◆ Requirement
Repeat the listing exactly. The images do not belong in the copy.

◆ Information shown
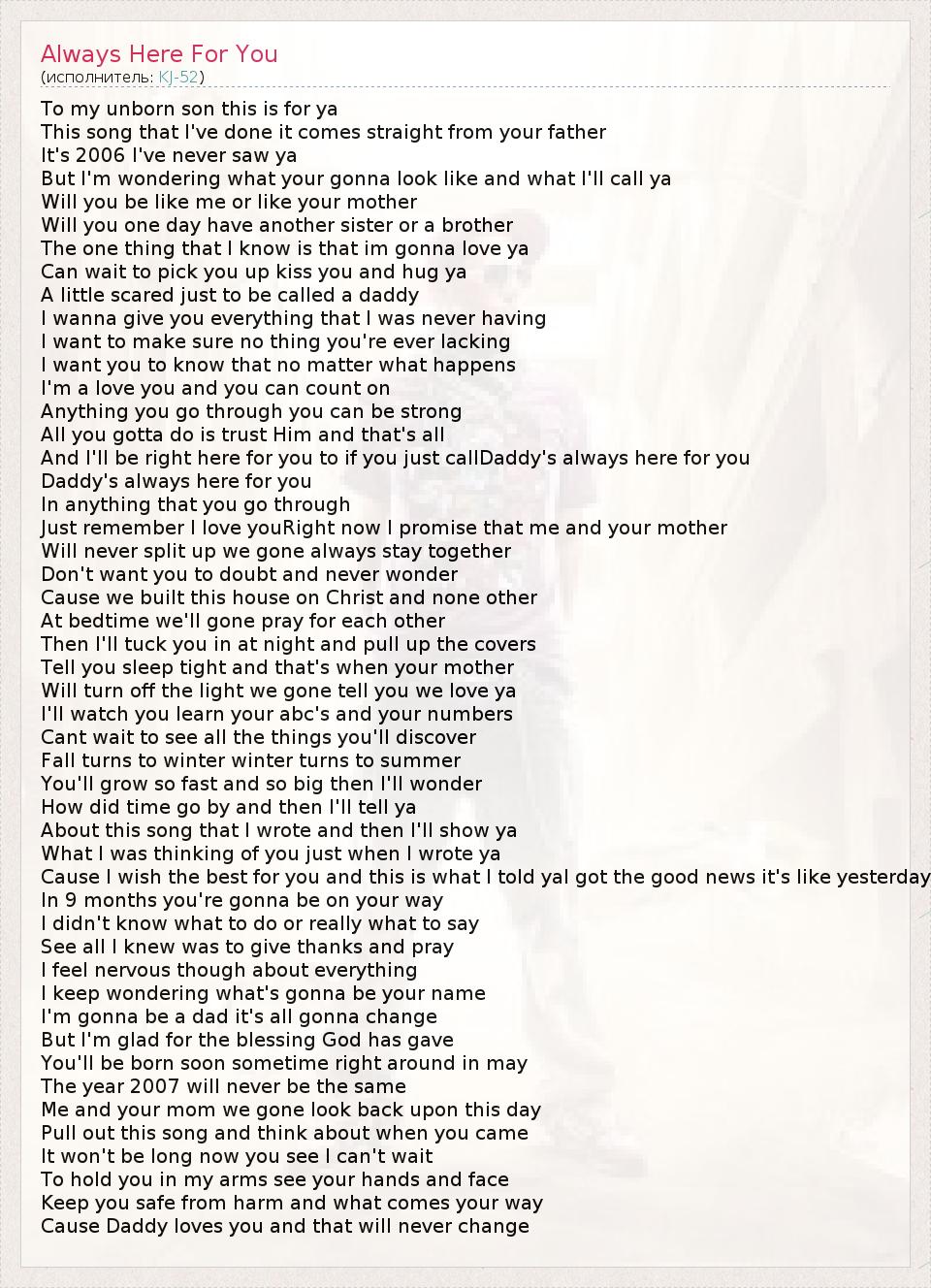 To my unborn son this is for ya This song that I've done it comes straight from your father It's 2006 I've never saw ya But I'm wondering what your gonna look like and what I'll call ya Will you be like me or like your mother Will you one day have another sister or a brother The one thing that I know is that im gonna love ya Can wait to pick you up kiss you and hug ya A little scared just to be called a daddy I wanna give you everything that I was never having I want to make sure no thing you're ever lacking I want you to know that no matter what happens I'm a love you and you can count on Anything you go through you can be strong All you gotta do is trust Him and that's all And I'll be right here for you to if you just callDaddy's always here for you Daddy's always here for you In anything that you go through Just remember I love youRight now I promise that me and your mother Will never split up we gone always stay together Don't want you to doubt and never wonder Cause we built this house on Christ and none other At bedtime we'll gone pray for each other Then I'll tuck you in at night and pull up the covers Tell you sleep tight and that's when your mother Will turn off the light we gone tell you we love ya I'll watch you learn your abc's and your numbers Cant wait to see all the things you'll discover Fall turns to winter winter turns to summer You'll grow so fast and so big then I'll wonder How did time go by and then I'll tell ya About this song that I wrote and then I'll show ya What I was thinking of you just when I wrote ya Cause I wish the best for you and this is what I told yaI got the good news it's like yesterday In 9 months you're gonna be on your way I didn't know what to do or really what to say See all I knew was to give thanks and pray I feel nervous though about everything I keep wondering what's gonna be your name I'm gonna be a dad it's all gonna change But I'm glad for the blessing God has gave You'll be born soon sometime right around in may The year 2007 will never be the same Me and your mom we gone look back upon this day Pull out this song and think about when you came It won't be long now you see I can't wait To hold you in my arms see your hands and face Keep you safe from harm and what comes your way Cause Daddy loves you and that will never change
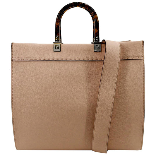 FENDI Sunshine Medium Full Grain Shopper Tote Beige
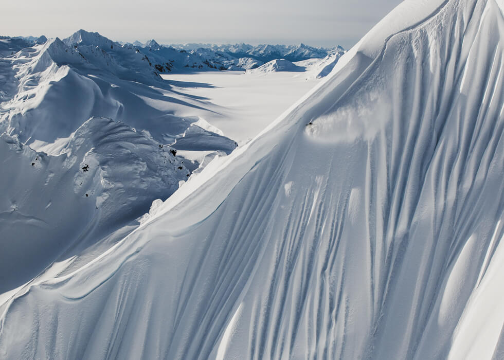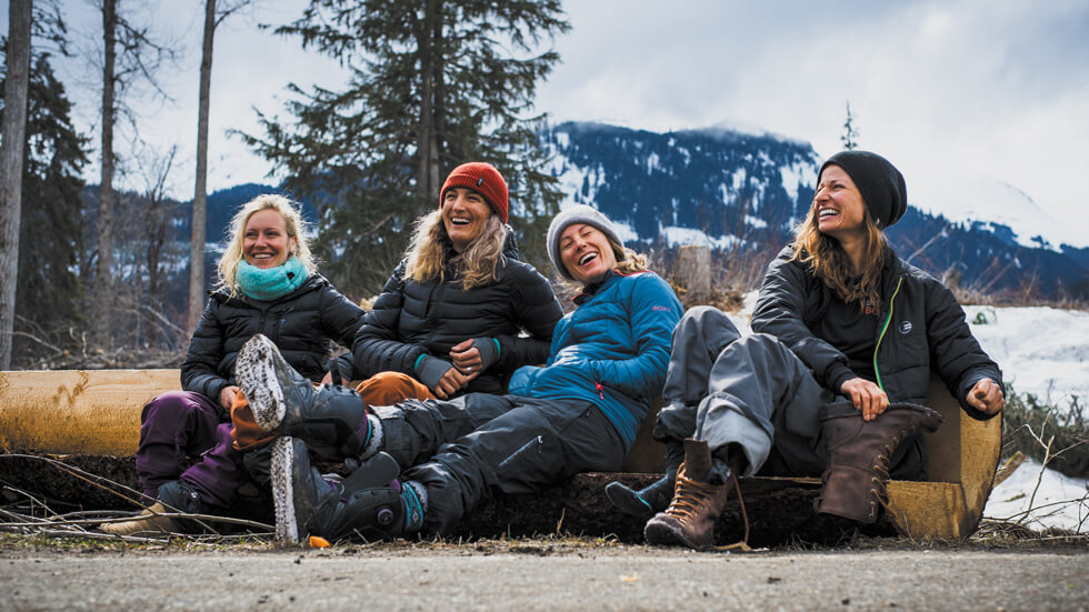 アラスカは2年連続で行ったんだけど、1年目は3週間にわたりストームが続き、太陽を待つ状態だった。3日間の晴れがあるのはわかっていたけど、とにかくそこは我慢が必要だった。ハイニーは伝説的な場所で、ガイドと一緒にヘリに乗っていると、「あそこは誰々が攻めたライン」だとか、「誰々はあそこでクラッシュした」など、いろんな話を聞くことができる。過去20年間に出たスノーボード雑誌のロケ地巡りツアーのような感じだったわ。ロビンとマリーは以前にもアラスカを訪れたことがあるけど、ヘレンとジェイミーは、”ドロップインするまで斜面が見えないようなライン” はそのときが初めてだった。正直なところ、何度滑ろうが、アラスカに慣れることはない。とにかく恐怖がつきまとう。なのに、アドレナリンが再訪を願うの。借金をしてでも、毎シーズン行きたくなるのよ……。スノーボードの聖地なのよね。トップパークライダーのジェイミーをアラスカへ連れて行ったのも良い経験になったわ。残りのクルーは長年に渡り山滑りを中心にやってきたから、今度は私たちの経験をジェイミーに伝え、彼女がリアルな山でもヤバイ滑りができるようにサポートする番なのよ。ジェイミーは私たちに質問を投げかけ、私たちはラインの見方などをアドバイスするの。そのやりとりで、私たちもじっくり状況を把握することができたのよ。そして、彼女はやってくれたわ! プライドが傷ついたこともあっただろうけど、アラスカでのライディングはそういうもの。あそこにいるだけで、名誉なことなのよ。アドレナリンであふれるライディングが終わると、生まれたままの姿の自然を堪能できるの。ライディングがない日にはハイキングや釣りをしたり、果てしない自然との時間を満喫した。あとは、ほかのクルーとハングアウトしたりね。ギギ・ラフやジェイソン・ロビンソン、ニコラス・ミューラーたちに見送られてアラスカを去るときは、ちょっと寂しかったわ。

◆ Task solution
 To my unborn son this is for ya This song that I've done it comes straight from your father It's 2006 I've never saw ya But I'm wondering what your gonna look like and what I'll call ya Will you be like me or like your mother Will you one day have another sister or a brother The one thing that I know is that im gonna love ya Can wait to pick you up kiss you and hug ya A little scared just to be called a daddy I wanna give you everything that I was never having I want to make sure no thing you're ever lacking I want you to know that no matter what happens I'm a love you and you can count on Anything you go through you can be strong All you gotta do is trust Him and that's all And I'll be right here for you to if you just callDaddy's always here for you Daddy's always here for you In anything that you go through Just remember I love youRight now I promise that me and your mother Will never split up we gone always stay together Don't want you to doubt and never wonder Cause we built this house on Christ and none other At bedtime we'll gone pray for each other Then I'll tuck you in at night and pull up the covers Tell you sleep tight and that's when your mother Will turn off the light we gone tell you we love ya I'll watch you learn your abc's and your numbers Cant wait to see all the things you'll discover Fall turns to winter winter turns to summer You'll grow so fast and so big then I'll wonder How did time go by and then I'll tell ya About this song that I wrote and then I'll show ya What I was thinking of you just when I wrote ya Cause I wish the best for you and this is what I told yaI got the good news it's like yesterday In 9 months you're gonna be on your way I didn't know what to do or really what to say See all I knew was to give thanks and pray I feel nervous though about everything I keep wondering what's gonna be your name I'm gonna be a dad it's all gonna change But I'm glad for the blessing God has gave You'll be born soon sometime right around in may The year 2007 will never be the same Me and your mom we gone look back upon this day Pull out this song and think about when you came It won't be long now you see I can't wait To hold you in my arms see your hands and face Keep you safe from harm and what comes your way Cause Daddy loves you and that will never change
 FENDI Sunshine Medium Full Grain Shopper Tote Beige
 アラスカは2年連続で行ったんだけど、1年目は3週間にわたりストームが続き、太陽を待つ状態だった。3日間の晴れがあるのはわかっていたけど、とにかくそこは我慢が必要だった。ハイニーは伝説的な場所で、ガイドと一緒にヘリに乗っていると、「あそこは誰々が攻めたライン」だとか、「誰々はあそこでクラッシュした」など、いろんな話を聞くことができる。過去20年間に出たスノーボード雑誌のロケ地巡りツアーのような感じだったわ。ロビンとマリーは以前にもアラスカを訪れたことがあるけど、ヘレンとジェイミーは、”ドロップインするまで斜面が見えないようなライン” はそのときが初めてだった。正直なところ、何度滑ろうが、アラスカに慣れることはない。とにかく恐怖がつきまとう。なのに、アドレナリンが再訪を願うの。借金をしてでも、毎シーズン行きたくなるのよ……。スノーボードの聖地なのよね。トップパークライダーのジェイミーをアラスカへ連れて行ったのも良い経験になったわ。残りのクルーは長年に渡り山滑りを中心にやってきたから、今度は私たちの経験をジェイミーに伝え、彼女がリアルな山でもヤバイ滑りができるようにサポートする番なのよ。ジェイミーは私たちに質問を投げかけ、私たちはラインの見方などをアドバイスするの。そのやりとりで、私たちもじっくり状況を把握することができたのよ。そして、彼女はやってくれたわ! プライドが傷ついたこともあっただろうけど、アラスカでのライディングはそういうもの。あそこにいるだけで、名誉なことなのよ。アドレナリンであふれるライディングが終わると、生まれたままの姿の自然を堪能できるの。ライディングがない日にはハイキングや釣りをしたり、果てしない自然との時間を満喫した。あとは、ほかのクルーとハングアウトしたりね。ギギ・ラフやジェイソン・ロビンソン、ニコラス・ミューラーたちに見送られてアラスカを去るときは、ちょっと寂しかったわ。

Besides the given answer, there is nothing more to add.